**What the exercise asks**: Among the entries below, retype exactly the lines starting with the one with "低地を奥に向かって歩き、民家が隠れたところから小尾根に移る。" and going on through the one with "中国民航大学飞行分校2013", but not the pictures.

**Material for the task**:
------------------------------------------------------------------------

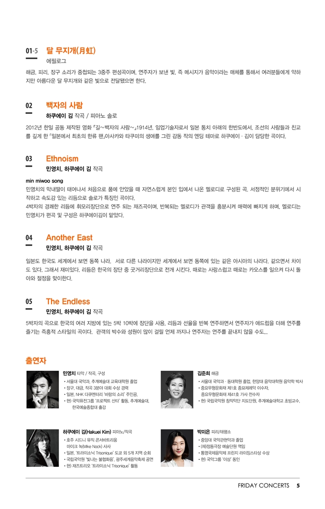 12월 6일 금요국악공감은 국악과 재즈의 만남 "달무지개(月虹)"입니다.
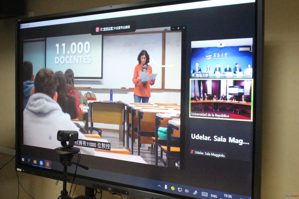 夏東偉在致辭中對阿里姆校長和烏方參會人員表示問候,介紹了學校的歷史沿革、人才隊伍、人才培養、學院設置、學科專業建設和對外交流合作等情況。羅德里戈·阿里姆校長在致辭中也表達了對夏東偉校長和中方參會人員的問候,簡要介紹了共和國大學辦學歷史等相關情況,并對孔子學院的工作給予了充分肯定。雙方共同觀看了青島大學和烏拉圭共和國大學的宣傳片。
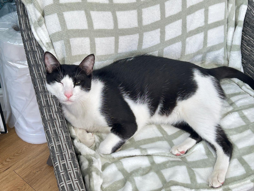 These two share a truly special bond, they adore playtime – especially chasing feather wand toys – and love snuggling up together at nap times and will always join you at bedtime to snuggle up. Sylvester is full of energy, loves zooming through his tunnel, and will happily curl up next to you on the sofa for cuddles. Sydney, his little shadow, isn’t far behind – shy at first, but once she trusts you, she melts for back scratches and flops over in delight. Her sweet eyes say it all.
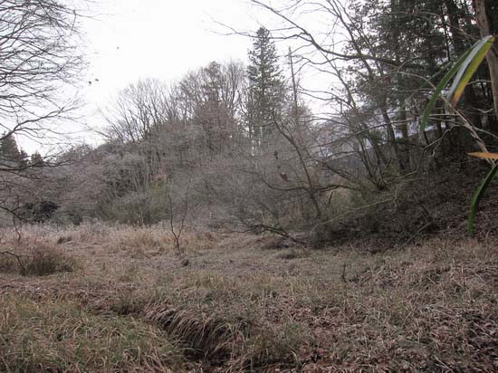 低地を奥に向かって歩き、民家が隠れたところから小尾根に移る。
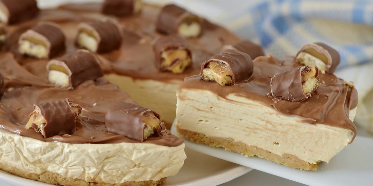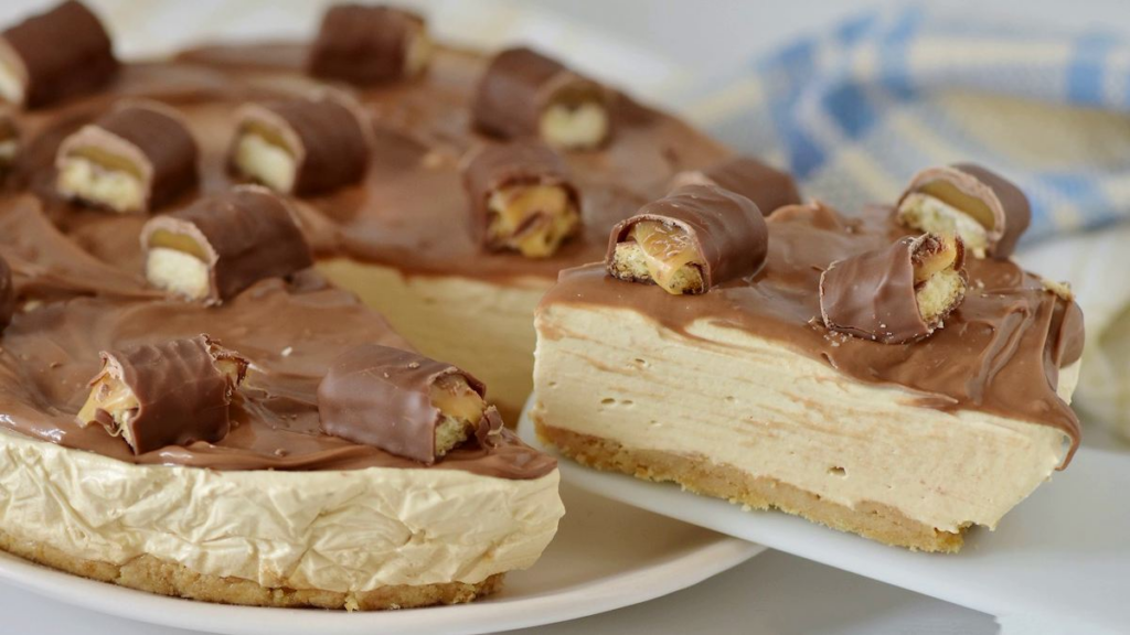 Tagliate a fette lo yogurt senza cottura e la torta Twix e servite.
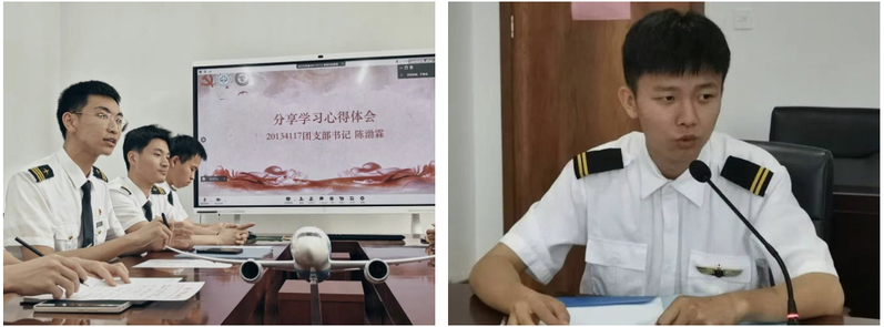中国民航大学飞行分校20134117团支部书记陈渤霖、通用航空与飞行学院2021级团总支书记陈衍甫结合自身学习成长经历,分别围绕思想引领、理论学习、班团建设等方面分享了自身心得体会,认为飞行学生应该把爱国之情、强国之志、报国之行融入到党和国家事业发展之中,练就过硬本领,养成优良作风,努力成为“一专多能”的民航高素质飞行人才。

------------------------------------------------------------------------

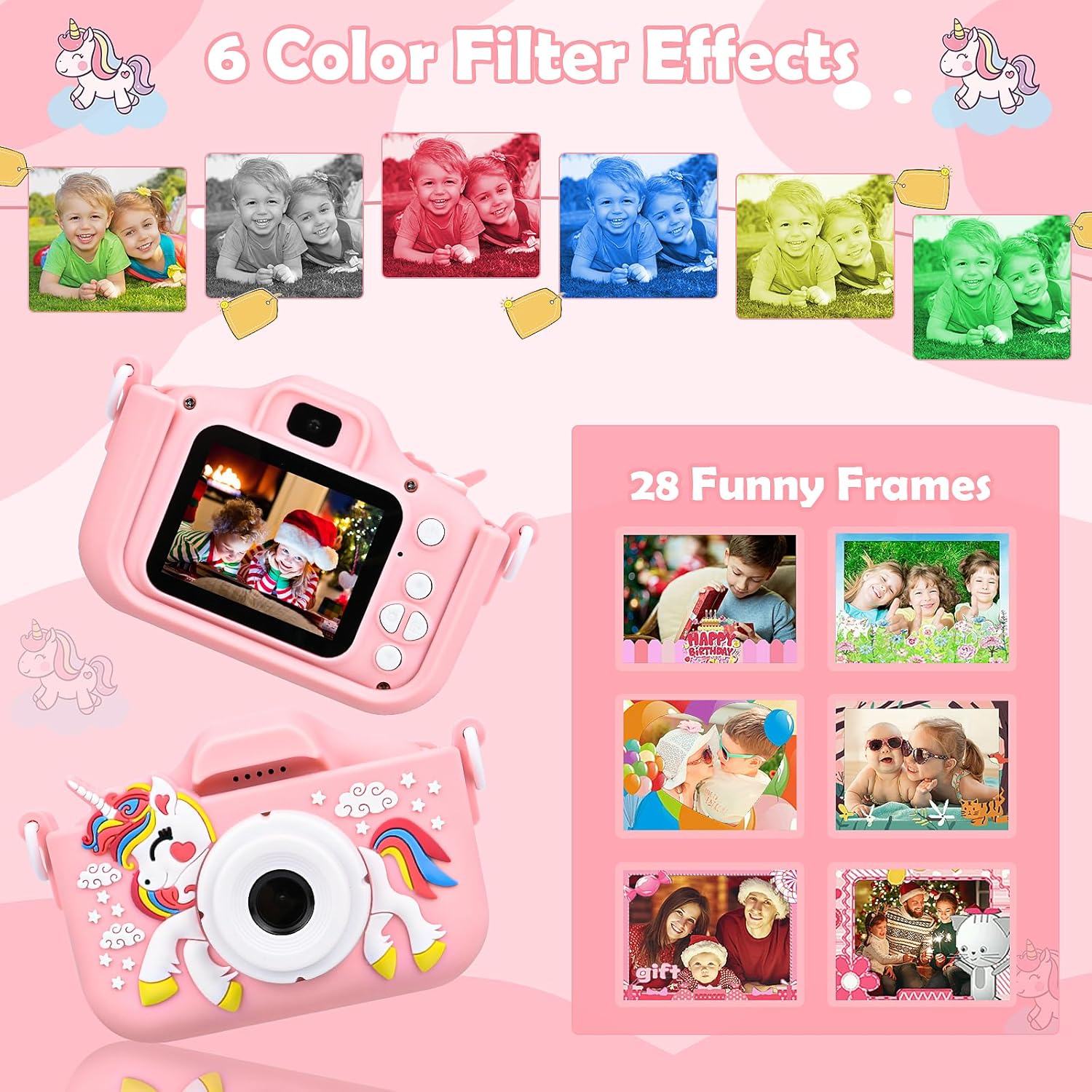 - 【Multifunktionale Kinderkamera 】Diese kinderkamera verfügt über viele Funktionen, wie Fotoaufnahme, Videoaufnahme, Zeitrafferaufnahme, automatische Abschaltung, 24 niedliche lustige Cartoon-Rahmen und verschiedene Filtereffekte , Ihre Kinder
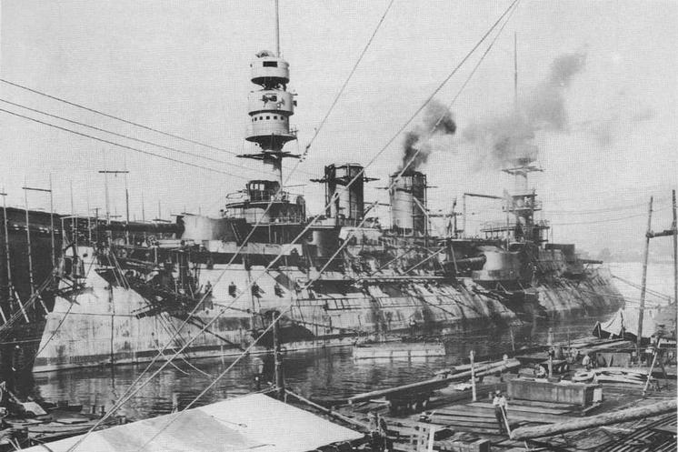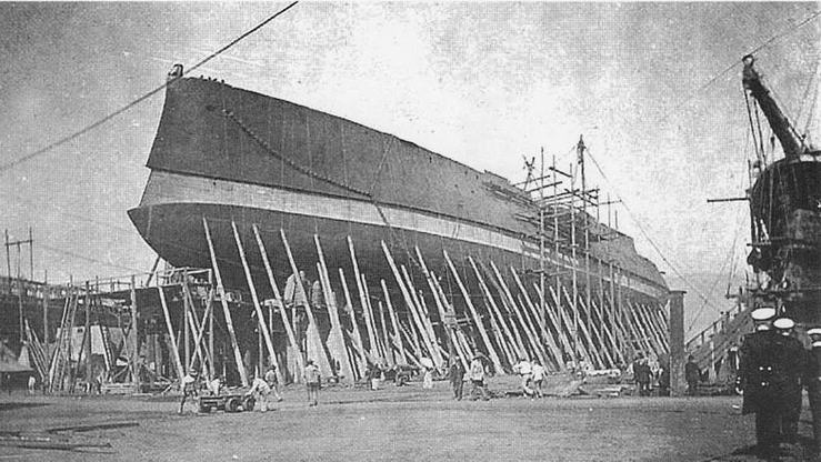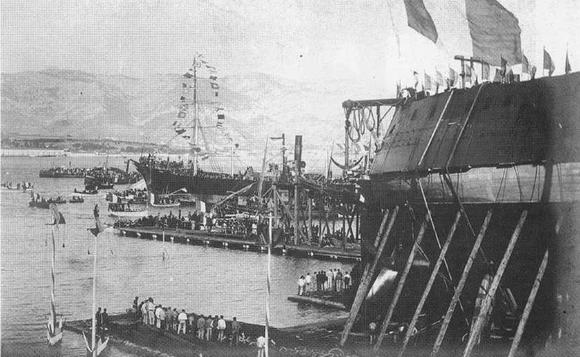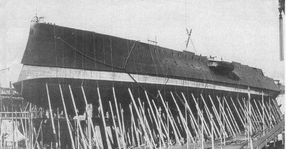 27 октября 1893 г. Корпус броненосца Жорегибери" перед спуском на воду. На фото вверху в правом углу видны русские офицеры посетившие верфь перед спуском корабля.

------------------------------------------------------------------------

**Response below**:
 低地を奥に向かって歩き、民家が隠れたところから小尾根に移る。
 Tagliate a fette lo yogurt senza cottura e la torta Twix e servite.
中国民航大学飞行分校20134117团支部书记陈渤霖、通用航空与飞行学院2021级团总支书记陈衍甫结合自身学习成长经历,分别围绕思想引领、理论学习、班团建设等方面分享了自身心得体会,认为飞行学生应该把爱国之情、强国之志、报国之行融入到党和国家事业发展之中,练就过硬本领,养成优良作风,努力成为“一专多能”的民航高素质飞行人才。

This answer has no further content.